## WORK TASK
The copy you give must match the lines from the top of the data through the line containing "昨日股票型ETF收益率中位数" exactly, and it must hold no pictures.

## SUPPLIED MATERIAL

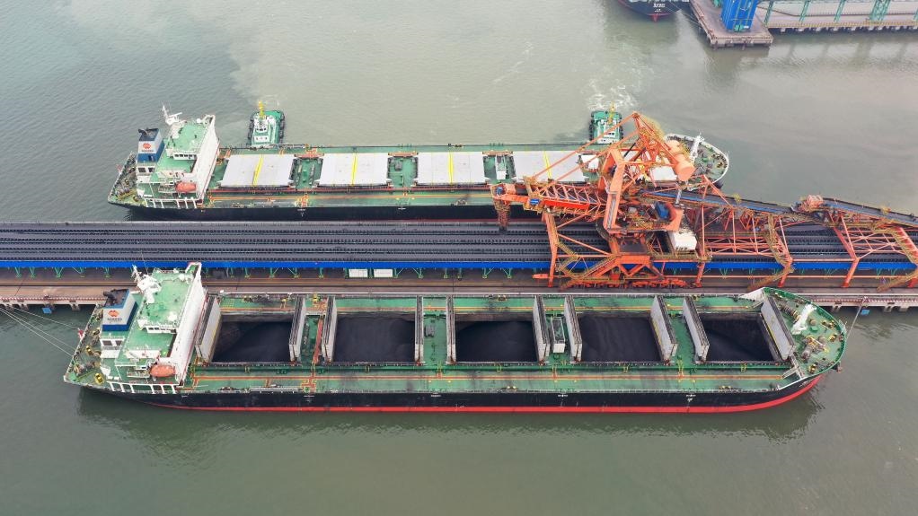 5月11日,船舶??吭邳S驊港煤炭港區(qū)碼頭(無人機照片)。新華社記者 駱學峰 攝
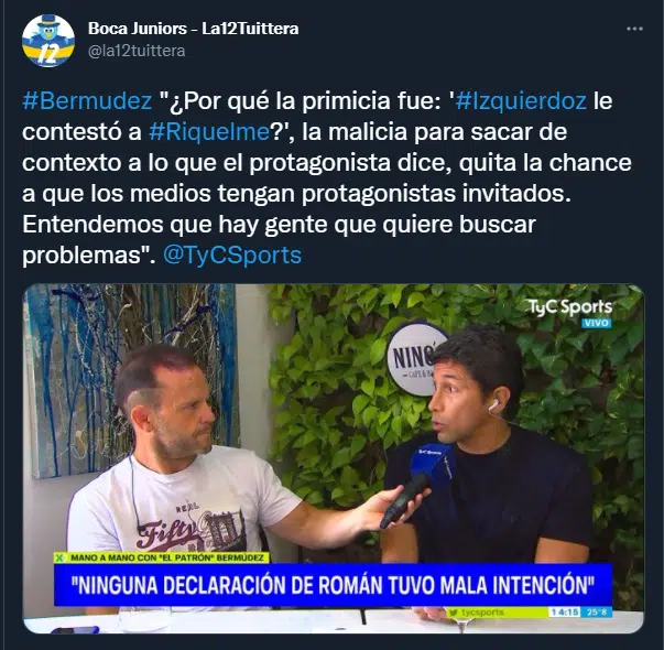 Referente como jugador y ahora como integrante del Consejo de Fútbol, Jorge “Patrón” Bermúdez se mostró fastidioso y expresó: “¿Por qué la primicia fue: ‘Izquierdoz le contestó a Riquelme’. La malicia para sacar de contexto lo que el protagonista dice, quita la chance a que los medios tengan invitados. Entendemos que hay gente que quiere buscar problemas”.
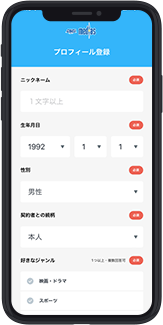 プロフィール情報を入力・選択し、最後に「登録完了」ボタンをタップしてください。
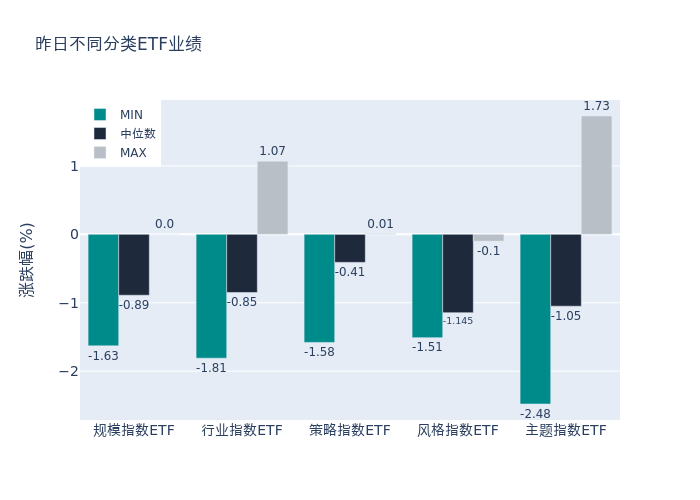 昨日股票型ETF收益率中位数为-0.96%。其中按照不同分类,规模指数中沪深300ETF基金收益率最高,为0.0%;行业指数中华夏中证绿色电力ETF收益率最高,为1.07%;策略指数中南方富时中国国企开放共赢ETF收益率最高,为0.01%;风格指数中招商中证银行AH价格优选ETF收益率最高,为-0.1%;主题指数中国泰中证动漫游戏ETF收益率最高,为1.73%。
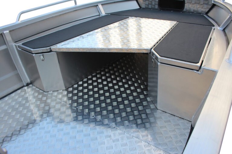 Under det triangulära rundsittgruppen fram finns gott om plats för rep och ankare eller dina fiske saker. Den öppna bakkanten på fördäcket gör det lätt att montera en frontmonterad trollingmotor. Båten har snygg och praktisk EVAmatta.
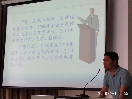 6月1日下午14:30在工三A-205于高工就“核工业发展历程及核电技术”的专题进行讲座。参会的有李宇春教授,汪红梅副教授,匡尹杰副教授,朱玲副教授和李焰博士及应用化学专业部分大四和大三的本科生及研究生。于高工从核工业发展历程、田湾核电厂去漫游、田湾核电技术简介、CAP1400技术简介、核电化学工作范围等五个方面展开,用深入浅出的语言介绍了核工业发展的8个阶段,借助视频展示了田湾核电厂区的分布,便于了解核电厂的布局和生产流程;最后,阐述了核电化学的工作范围以及未来的发展趋势。汇报结束后,于淼高工回答了老师和同学们的热烈提问,并鼓励同学们积极投身到国家的能源建设中去。
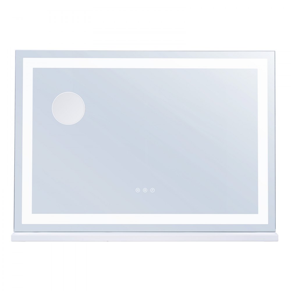 Gran Espejo de Maquillaje Iluminado con Tres Modos de Iluminación de Color, LED Luces, Aumento de 5X, Puerto USB, Control Táctil Inteligente, Montaje en Pared de Escritorio, 800 x 120 x 572 mm - Fontanería
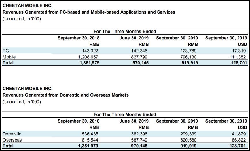 来自:猎豹移动2019年三季报
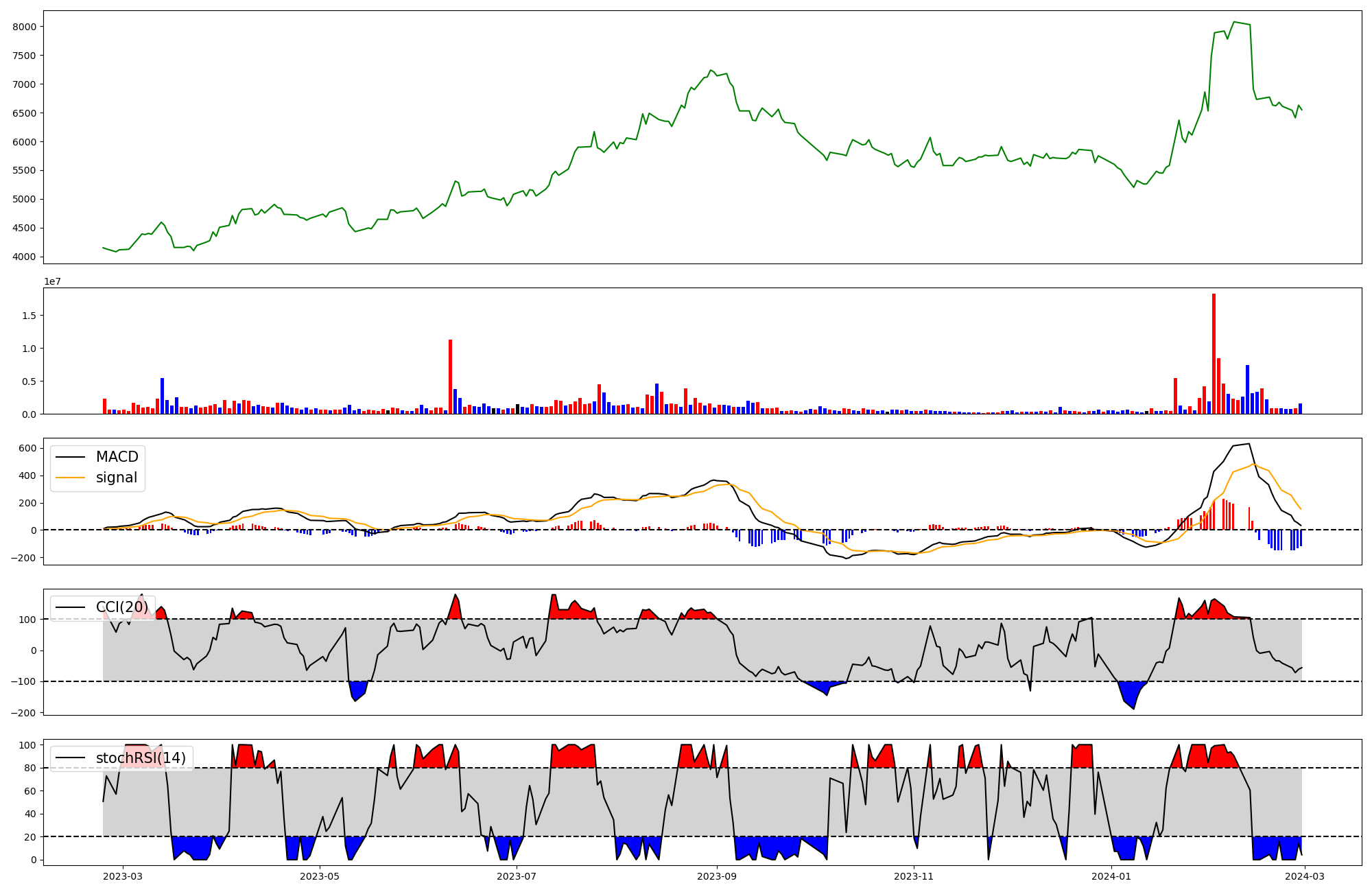 □ 오늘의 종가 : 6,550 (-80, -1.21%)
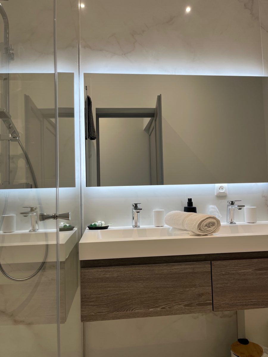 Chaque chambre dispose de sa salle de bain privative avec WC, d’un lit double 160x200, avec linge de lit et serviettes fournis, pour un confort optimal.
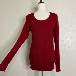 Talbots Wool Blend Red Fisherman Cable Knit Long Sleeves Sweater, Sz Medium
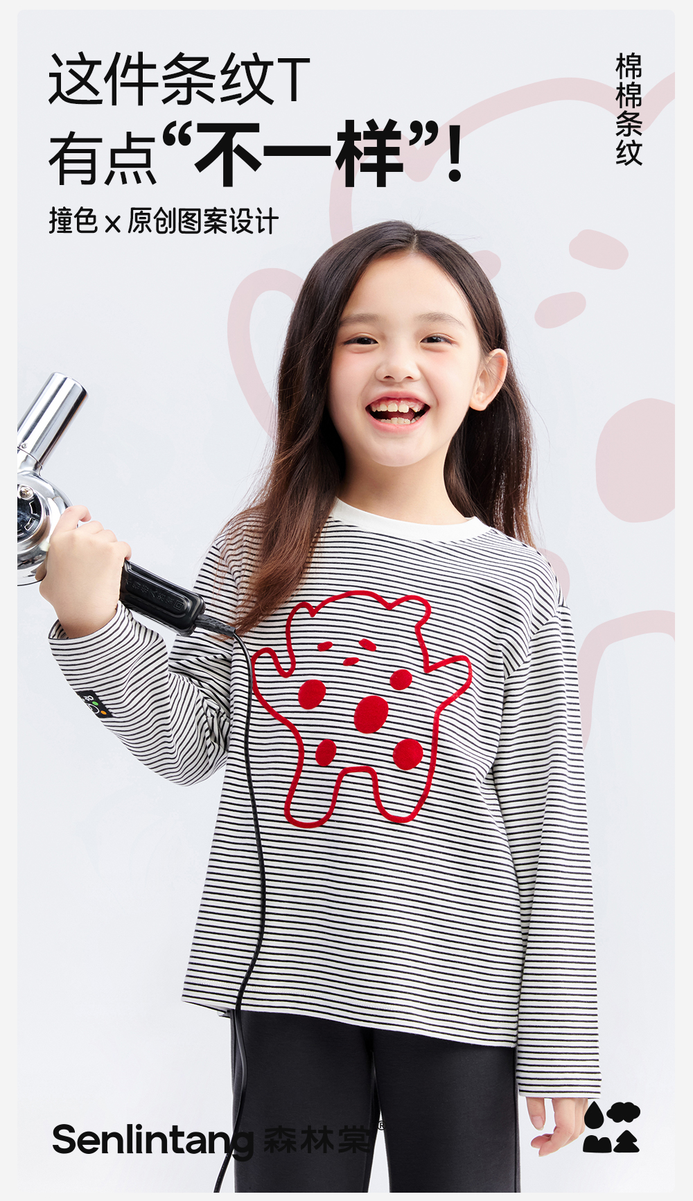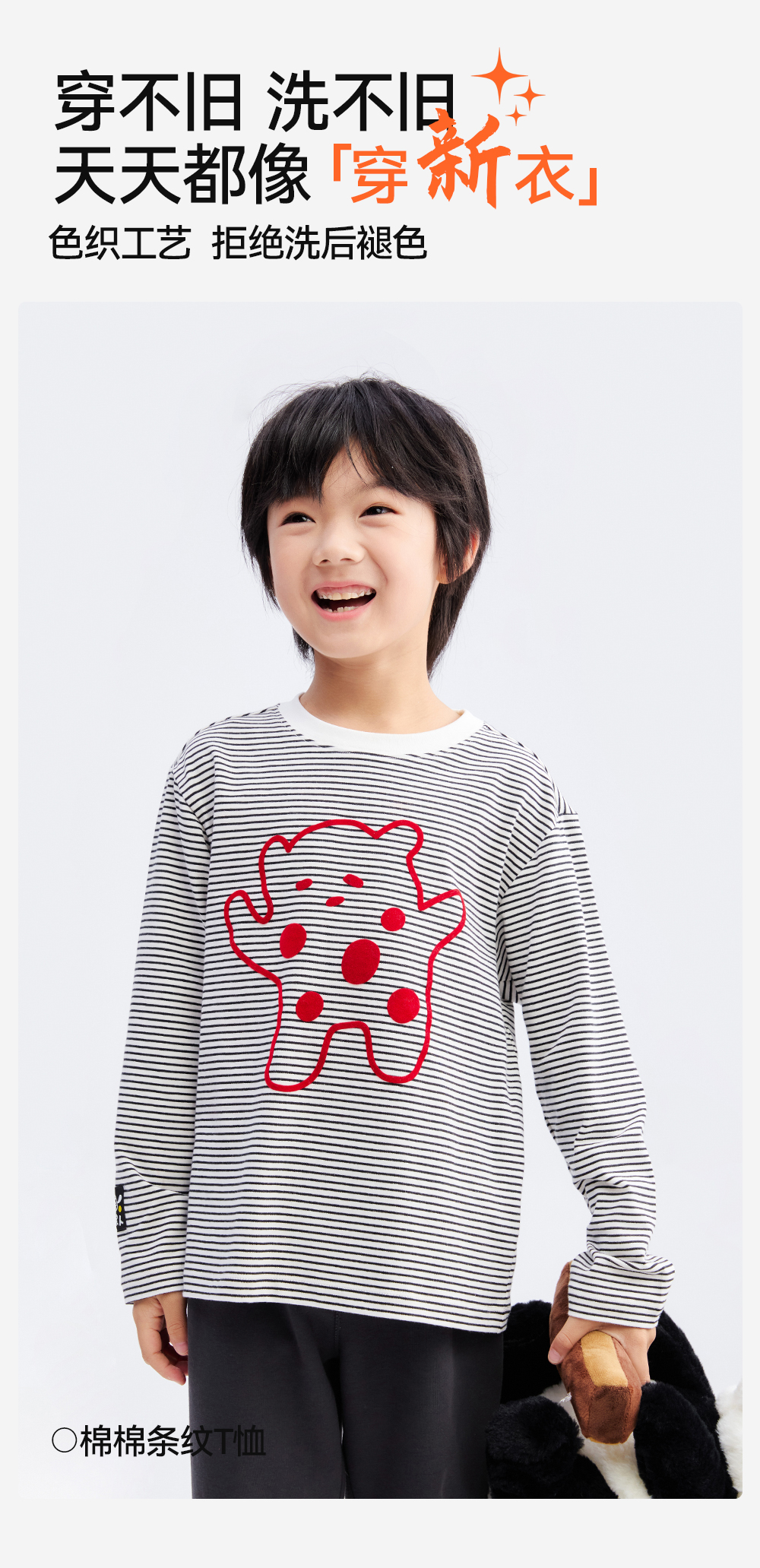 【小棠人条纹T恤】森林棠25秋款 小童棉感舒适亲肤高弹复古条纹长袖上衣60253276

## REPLY TO THE EXERCISE
 5月11日,船舶??吭邳S驊港煤炭港區(qū)碼頭(無人機照片)。新華社記者 駱學峰 攝
 Referente como jugador y ahora como integrante del Consejo de Fútbol, Jorge “Patrón” Bermúdez se mostró fastidioso y expresó: “¿Por qué la primicia fue: ‘Izquierdoz le contestó a Riquelme’. La malicia para sacar de contexto lo que el protagonista dice, quita la chance a que los medios tengan invitados. Entendemos que hay gente que quiere buscar problemas”.
 プロフィール情報を入力・選択し、最後に「登録完了」ボタンをタップしてください。
 昨日股票型ETF收益率中位数为-0.96%。其中按照不同分类,规模指数中沪深300ETF基金收益率最高,为0.0%;行业指数中华夏中证绿色电力ETF收益率最高,为1.07%;策略指数中南方富时中国国企开放共赢ETF收益率最高,为0.01%;风格指数中招商中证银行AH价格优选ETF收益率最高,为-0.1%;主题指数中国泰中证动漫游戏ETF收益率最高,为1.73%。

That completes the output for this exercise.